Moreover, para-aramid fiber as an aromatic polyamide fiber has many advantages such as high strength, high modulus, and high temperature resistance and is usually used in protective fields [20,21].Therefore, in this study, STF/MWCNTs systems with a good dispersion, low critical shear rate, and a short thickening time are formed using SiO₂(12 nm and 75 nm) as a dispersion phase and MWCNTs as reinforcement after mechanical stirring and ultrasonic oscillation. The para-aramid textiles with plain (P), twill (T), satin (S), and basket (B) textures are separately immersed in the STF/MWCNTs systems. Tensile strength, quasi-static knife stab, and spike stab tests of STF/MWCNTs-impregnated fabrics are conducted to seek for optimal manufacturing parameters and to investigate the effects of SiO₂particle size and fabric texture on these properties.

Experimental

Material

PEG 200 (Tianjin Xingfu Fine Chemical Research Institute, China) has a chemical purity. SiO₂(Guangzhou GBS High-Tech & Industry, China) has two sizes of 12 nm and 75 nm. Anhydrous ethanol (Tianjin Fuyu Fine Chemical, China) has a concentration of 99.7%. Multi-walled carbon nanotubes (MWCNTs; Shanxi Fuhong Mineral Products, China) have specifications that are summarized in Table 1. Para-aramid filaments (Sinopec Yizheng Chemical Fiber, China) have a fineness of 112 tex/500f, a tenacity of 128.9N, and an elongation at break of 2.49%.

Table 1.

Specification of MWCNTs.

Density (g/cm³)	Purity (wt%)	Real density (g/cm³)	Specific surface area (m²/g)	Resistivity (s/cm)	Inside diameter (nm)	Outside diameter (nm)	Length (μm)	Preparation
0.15	>95	2.1	>233	100	3–5	8–15	50	CVD

CVD: Chemical Vapor Deposition.

Preparation of samples

STF/MWCNTs systems

The STF is composed of polyethylene glycol (PEG 200) as the dispersion medium, silica (SiO₂) of 12 nm and 75 nm as the disperse phase, and MWCNTs are used as supplementary reinforcement. The process of STF/MWCNTs systems comprising 15% of SiO₂, 0.2% of MWCNTs, and 84.8% of PEG 200 is shown in Figure 1. PEG 200 firstly blended with 99.7% ethanol at a ratio of 1:2 at 100 rpm.
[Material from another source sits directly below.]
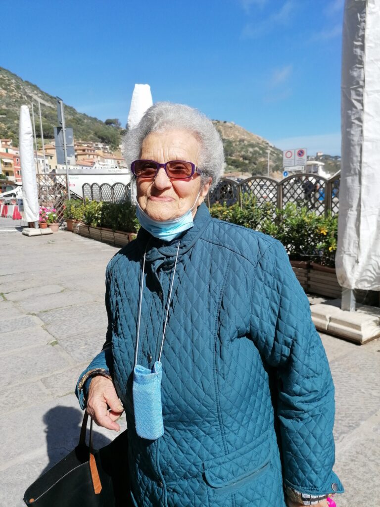 In the summer, every very early morning, shortly after dawn and before the streets are crowded with passers-by, Cecilia goes out. She wears a wide-brimmed straw hat to protect herself from the sun. She goes down to the Porto beach, takes off her sandals and starts walking on the shore. She strengthens the muscles and the circulatory system. She then goes to pray on the pier, where there is a plaque for the victims of the Costa Concordia shipwreck.

SiO₂with 12 nm or 75 nm is slowly mixed into the PEG/ethanol mixture by a mechanical stirring at 600 rpm for 2 h and then by an ultrasonic oscillation for 5 h in order to form the stable and uniform STF. Next, MWCNTs dispersed in 100 ml ethanol are then poured into the STF and ultrasonically oscillated for another 5 h, forming the STF/MWCNTs systems. Four kinds of STF and STF-MWCNTs systems, S12, S75, SM12, and SM75, prepared by the above process, are kept at the room temperature for 20 h and then dried in a vacuum dryer at 30℃ for 8 h. Therein, S12 and S75 represent the STF containing 12 nm and 75 nm SiO₂, respectively; SM12 and SM75 represent the STF/MWCNT system containing 12 nm and 75 nm SiO₂, respectively.

Figure 1.

Process of the preparation of the STF/MWCNTs system. PEG: polyethylene glycol; SiO₂: silica; MWCNT: multi-walled carbon nanotube.

STF/MWCNTs-impregnated aramid fabrics

A semi-automatic sample loom (DWL5016, Tianjin Longda Electromechanical Technology Development Co., Ltd., China) is used to fabricate the plain (P), twill (T), satin (S), and basket (B) aramid fabrics with warp and weft density of 130 counts/10 cm (Figure 2). The weaving loom with multi-arm blade opening has 50cm width and 16 healds.

Figure 2.

Textures of aramid fabrics: (a) 1/1 P, (b) 2/2 T, (c) 5/3 S, and (d) 2/2 B. P: plain; T: twill; S: satin; B: basket.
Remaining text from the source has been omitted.